[[ SUPPLIED DATA open ]]
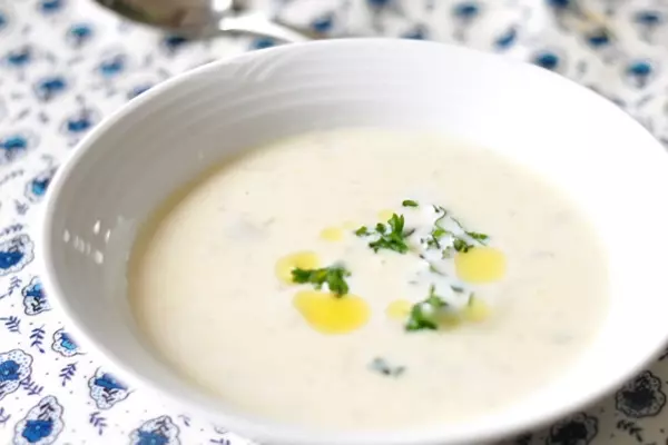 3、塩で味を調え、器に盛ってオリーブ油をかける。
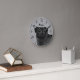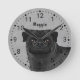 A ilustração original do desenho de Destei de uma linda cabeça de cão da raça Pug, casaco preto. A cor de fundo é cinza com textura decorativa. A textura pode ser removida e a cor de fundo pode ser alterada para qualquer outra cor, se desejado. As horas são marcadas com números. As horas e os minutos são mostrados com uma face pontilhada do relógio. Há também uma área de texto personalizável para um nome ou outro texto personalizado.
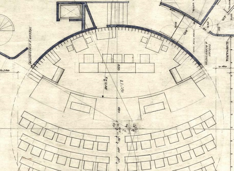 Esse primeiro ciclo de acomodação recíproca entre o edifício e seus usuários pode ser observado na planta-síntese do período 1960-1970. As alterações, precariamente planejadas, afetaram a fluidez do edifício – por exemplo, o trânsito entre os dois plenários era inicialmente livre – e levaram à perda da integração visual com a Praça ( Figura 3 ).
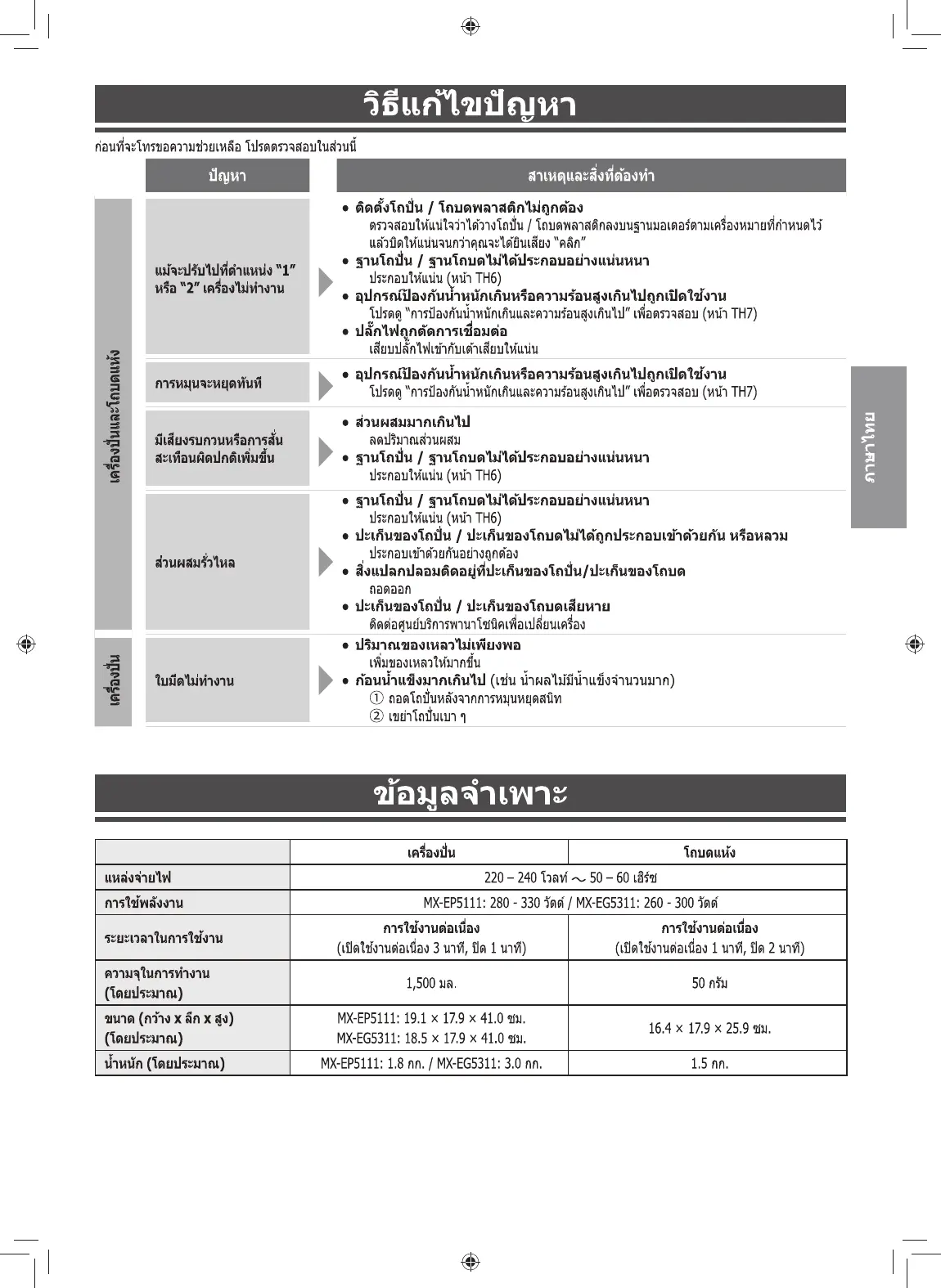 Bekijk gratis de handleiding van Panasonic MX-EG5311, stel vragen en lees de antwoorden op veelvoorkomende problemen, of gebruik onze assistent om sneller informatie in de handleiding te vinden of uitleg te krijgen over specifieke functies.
[[ SUPPLIED DATA closed ]]
TASK DIRECTIONS —
Repeat only the lines between the start of the data and the line with "A ilustração original", including those two lines, and skip the pictures.

FINAL ANSWER —
 3、塩で味を調え、器に盛ってオリーブ油をかける。
 A ilustração original do desenho de Destei de uma linda cabeça de cão da raça Pug, casaco preto. A cor de fundo é cinza com textura decorativa. A textura pode ser removida e a cor de fundo pode ser alterada para qualquer outra cor, se desejado. As horas são marcadas com números. As horas e os minutos são mostrados com uma face pontilhada do relógio. Há também uma área de texto personalizável para um nome ou outro texto personalizado.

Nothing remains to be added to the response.